From there, the Heat had two options.
Option No. 1: Blow everything up. Let Chris Bosh walk to the Houston Rockets. This plan would still involve re-signing Dwyane Wade and Udonis Haslem because they're franchise icons, but the Heat's focus would be on signing up-and-coming young players rather than aging veterans. Also, maintaining financial flexibility with the hope of landing a premier free agent in 2015 and 2016 is crucial.
Option No. 2: Still try to contend. Re-sign Bosh, as well as Wade and Haslem, and try to sign veterans in an attempt to still be a solid team in the Eastern Conference.
By re-signing Bosh for the five-year maximum deal worth $118 million, per Yahoo Sports' Adrian Wojnarowski, hours after James left, Pat Riley and Co. clearly chose Option No. 2.
One could make the case that it's the wrong decision because regardless of who Miami signs this summer, its chances of competing for a title went out the door when James ended his Heat career. Miami might be better off just starting over and playing for the future.
Still, that's irrelevant right now. The Heat signed Bosh and are working on re-signing Wade, according to Wojnarowski, so they must follow through with the rest of the plan and pursue some top veteran free agents.
While the Bosh and Wade contracts will likely put them out of contention for Carmelo Anthony, there remain some highly skilled guys out there whom Miami should be able to afford.
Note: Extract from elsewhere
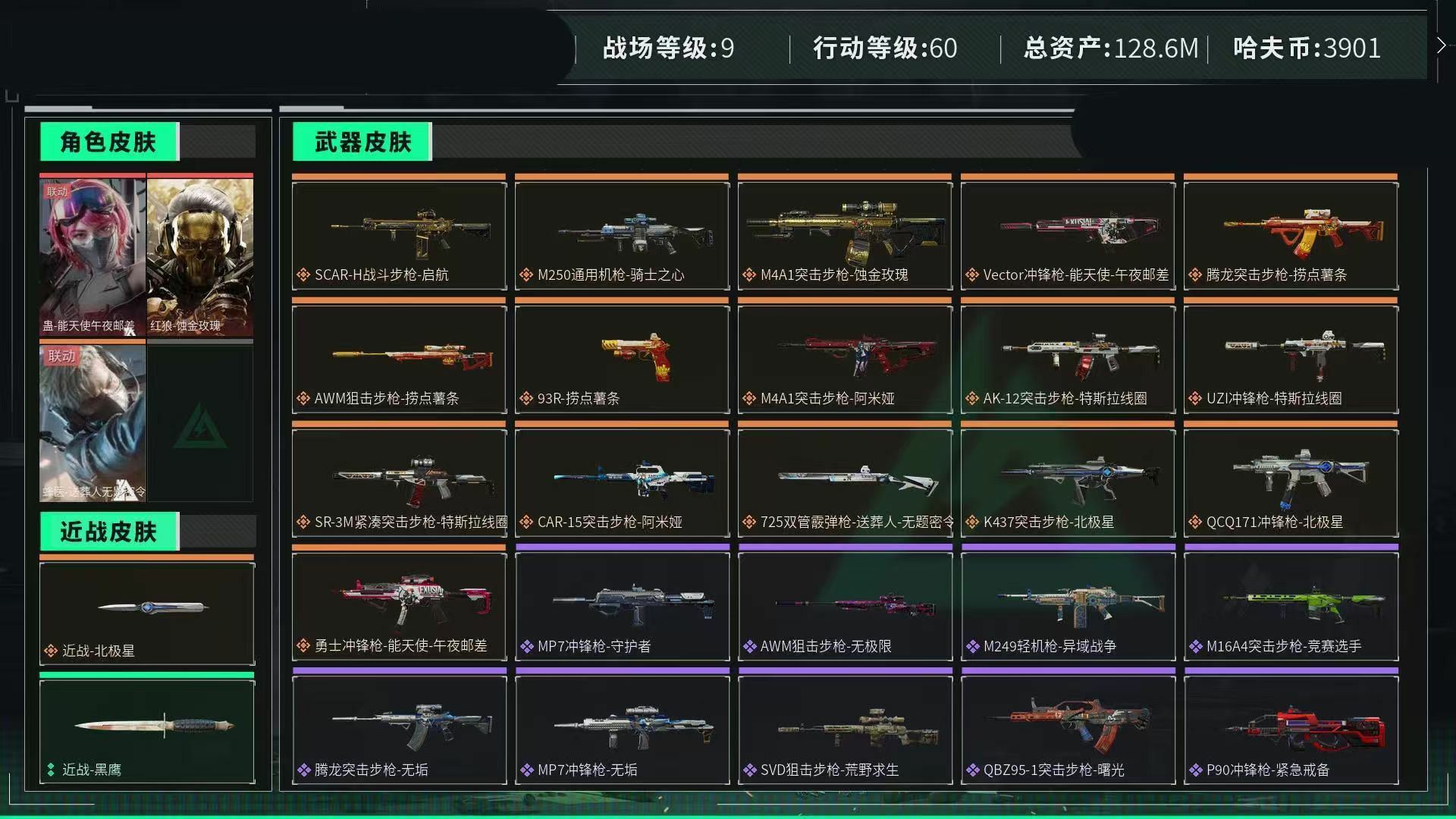 【云游堂】 汤24676总资产128M,哈夫币3901,近战-北极星,红狼-蚀金玫瑰/蛊-能天使午夜邮差/蜂医-送葬人无题密令,枪皮数量120,战场等级:9 无军衔,行动等级:60 铂金,角色皮肤数量3,安全箱等时效性道具请【个人信息】战场等级:9 无军衔,行动等级:60 铂金【哈夫币】3901【总资产】128M【货币】323三角币/4曼德尔币/0三角券【安全箱】基础安全箱2(1x2)/进阶安全箱4(2x2)/S6高级安全箱6(2x3)【通行证】烽火地带限定版【特勤处】制药台Lv.3/工作台Lv.3/仓库Lv.7/防具台Lv.3/训练中心Lv.6/靶场Lv.5/技术中心Lv.3/指挥中心Lv.5/潜水中心Lv.1/收藏室Lv.1【角色皮肤】蛊-能天使午夜邮差/红狼-蚀金玫瑰/蜂医-送葬人无题密令/【已拥有捆绑包】北极星捆绑包/捞点薯条捆绑包/特斯拉线圈捆绑包/【近战皮肤】近战-黑鹰/近战-北极星/【步枪皮肤】M4A1突击步枪-蚀金玫瑰/QBZ95-1突击步枪-曙光/SG552突击步枪-深海恐惧/K437突击步枪-北极星/AS Val突击步枪-典狱官/腾龙突击步枪-无垢/M16A4突击步枪-竞赛选手/SR-3M紧凑突击步枪-荒野求生/CAR-15突击步枪-阿米娅/M4A1突击步枪-阿米娅/腾龙突击步枪-捞点薯条/AK-12突击步枪-特斯拉线圈/SR-3M紧凑突击步枪-特斯拉线圈/SCAR-H战斗步枪-启航/【冲锋枪皮肤】UZI冲锋枪-特斯拉线圈/Vector冲锋枪-阿萨拉文明/MP5冲锋枪-深海恐惧/QCQ171冲锋枪-北极星/MP7冲锋枪-无垢/勇士冲锋枪-能天使-午夜邮差/Vector冲锋枪-能天使-午夜邮差/P90冲锋枪-紧急戒备/MP7冲锋枪-守护者/勇士冲锋枪-工业狂潮/MP5冲锋枪-战术竞备/【霰弹枪皮肤】725双管霰弹枪-送葬人-无题密令/【轻机枪皮肤】PKM通用机枪-荒野求生/QJB201轻机枪-OldHabits/M249轻机枪-异域战争/M250通用机枪-骑士之心/【精准射手步枪皮肤】PSG-1射手步枪-无垢/【狙击步枪皮肤】M700狙击步枪-蝮蛇/SV-98狙击步枪-林中猎手/SVD狙击步枪-荒野求生/AWM狙击步枪-捞点薯条/【手枪皮肤】93R-捞点薯条/【挂饰】肘击王(A)/麦小鼠/火箭玫瑰/牛角威龙/诡影狙击兵/诡影喷火兵/挂饰-启程/挂饰-水墨云图/挂饰-蚀金玫瑰/挂饰-北极星/挂饰-晶石幻想/挂饰-阿米娅/挂饰-来点薯条/挂饰-能天使/挂饰-特斯拉线圈/紧急会议/【载具】M1A4坦克-烈焰/(典藏皮肤颜色请以典藏展示为准,安全箱等时效性道具请以游戏内数据为准) 以游戏内数据为准;详情请看图

Here are who the Heat's top two targets should be to replace LeBron.
Trevor Ariza, SF
Trevor Ariza would represent an outstanding pickup for the Heat.
The 29-year-old is coming off a career season with the Washington Wizards, as he averaged 14.4 points (45.6 percent shooting from the floor and 40.7 percent shooting from beyond the arc), 6.2 rebounds and 2.5 assists per game last season.
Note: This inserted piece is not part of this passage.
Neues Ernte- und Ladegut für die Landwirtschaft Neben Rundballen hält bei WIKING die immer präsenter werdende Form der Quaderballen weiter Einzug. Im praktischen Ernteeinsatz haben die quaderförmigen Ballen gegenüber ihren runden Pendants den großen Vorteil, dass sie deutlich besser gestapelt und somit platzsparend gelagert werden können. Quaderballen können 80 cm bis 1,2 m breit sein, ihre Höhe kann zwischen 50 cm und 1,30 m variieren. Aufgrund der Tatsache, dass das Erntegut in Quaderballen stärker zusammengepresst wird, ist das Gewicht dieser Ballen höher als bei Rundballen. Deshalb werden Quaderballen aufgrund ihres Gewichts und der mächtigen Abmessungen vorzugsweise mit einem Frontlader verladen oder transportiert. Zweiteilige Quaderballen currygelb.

While Miami is unlikely to be a dominant three-point shooting team like it was when LeBron was creating open looks for teammates, the outside shot will still be valued in Erik Spoelstra's offense, and the fact that Ariza excels from downtown is a big weapon.
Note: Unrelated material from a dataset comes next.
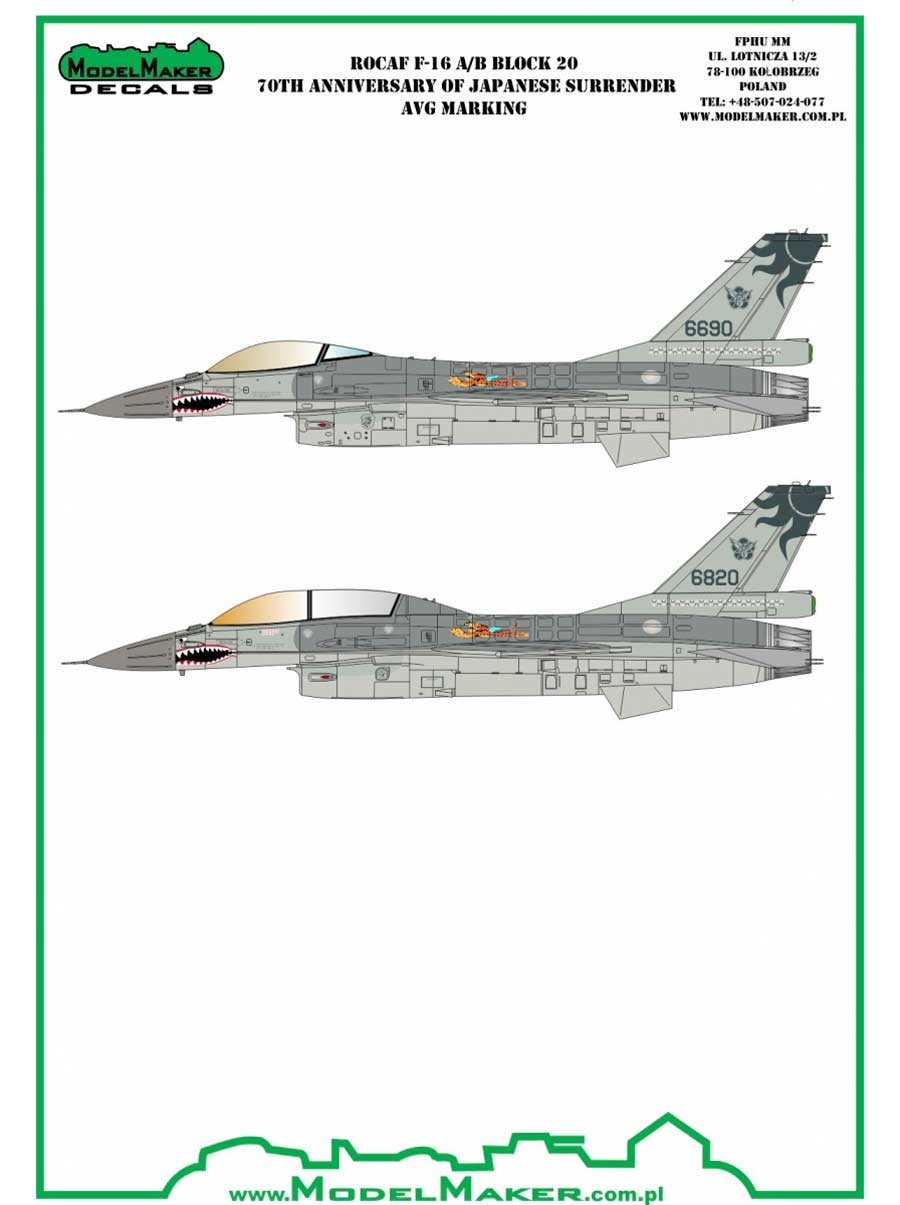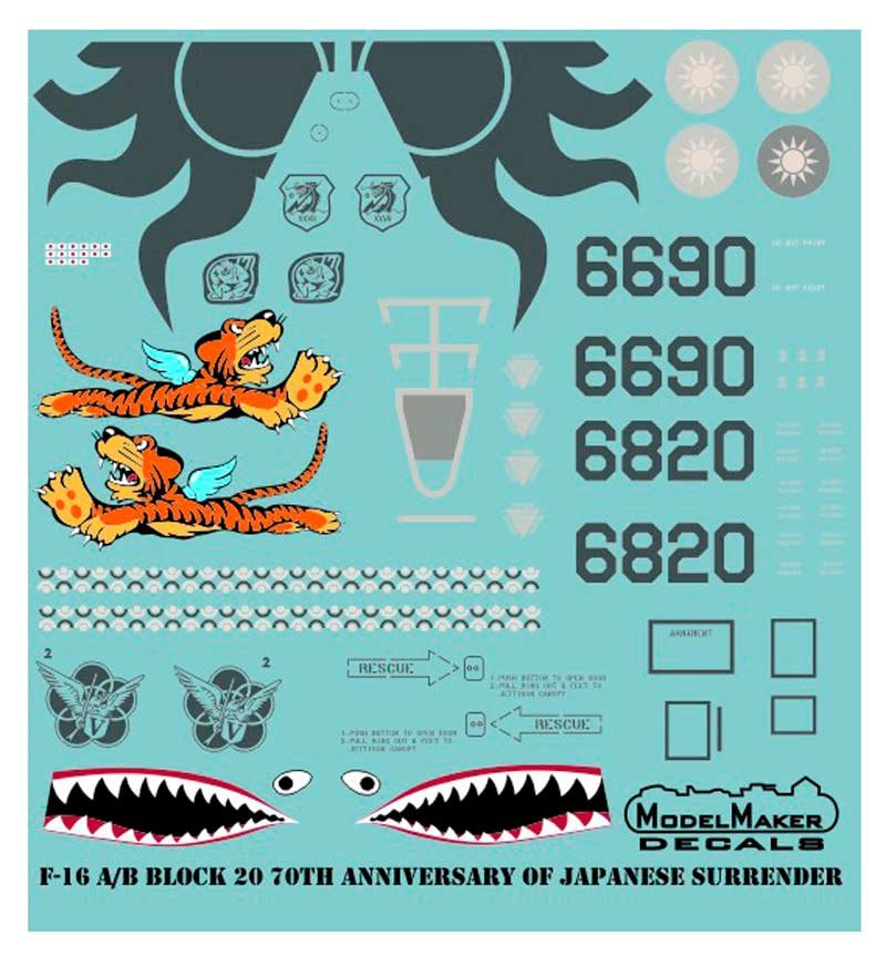Set de calcas de Model Maker Decals a escala 1/48 para los F-16 A/B Block 20 de la ROCAF en aniversario de los 70 años de la rendiciónd e Japón y en honor de los Tigres Voladores.

Ariza is also regarded as one of the better wing defenders in the entire league and would be a solid fit in Spoelstra's aggressive defensive scheme.
With Bosh likely taking over as the Heat's primary offensive option, Ariza fits in as a capable scorer, yet he's not going to dominate the ball. Ariza doesn't need to be a focal point of the offense to have success; in fact, the opposite is the case.
A starting lineup of Shabazz Napier/Mario Chalmers/Norris Cole, Wade, Ariza, Josh McRoberts and Bosh is likely strong enough to win a round or two in the postseason.
Luol Deng, SF
It was widely reported, as Bleacher Report's Ethan Skolnick tweeted following the news about Bosh, that the Heat are going after Luol Deng. It's not hard to see why that's the case.
Deng is similar to Ariza in many respects. He can find ways to put up solid numbers without having to be "the man."
He averaged 16.0 points (43.1 percent shooting from the floor and 30.2 percent shooting from three), 5.7 rebounds and 2.9 assists per game last season with the Chicago Bulls and Cleveland Cavaliers.
There's something to be desired in terms of efficiency, but if Miami's looking to retain its win-now approach, he's one of the safer options because of his all-around game.
Deng is another skilled wing defender, and his hard work on that end was key for Tom Thibodeau's defense in Chicago.
The forward can also play a lot on a nightly basis. Before last season, he averaged more than 38 minutes per game in three straight seasons. That certainly has value, as it's obviously better to have your top guys out on the floor for as long as possible.
While that could also mean Deng's body might wear down quicker than most players, he's still just 29, so Miami wouldn't have to worry about that for another two years or so. And, as we've talked about, Riley and Co. seem more focused on now rather than the future anyway.
It's going to be impossible for the Heat to truly replace LeBron James, but Deng and Ariza are two guys who can at least soften the blow of The King's departure.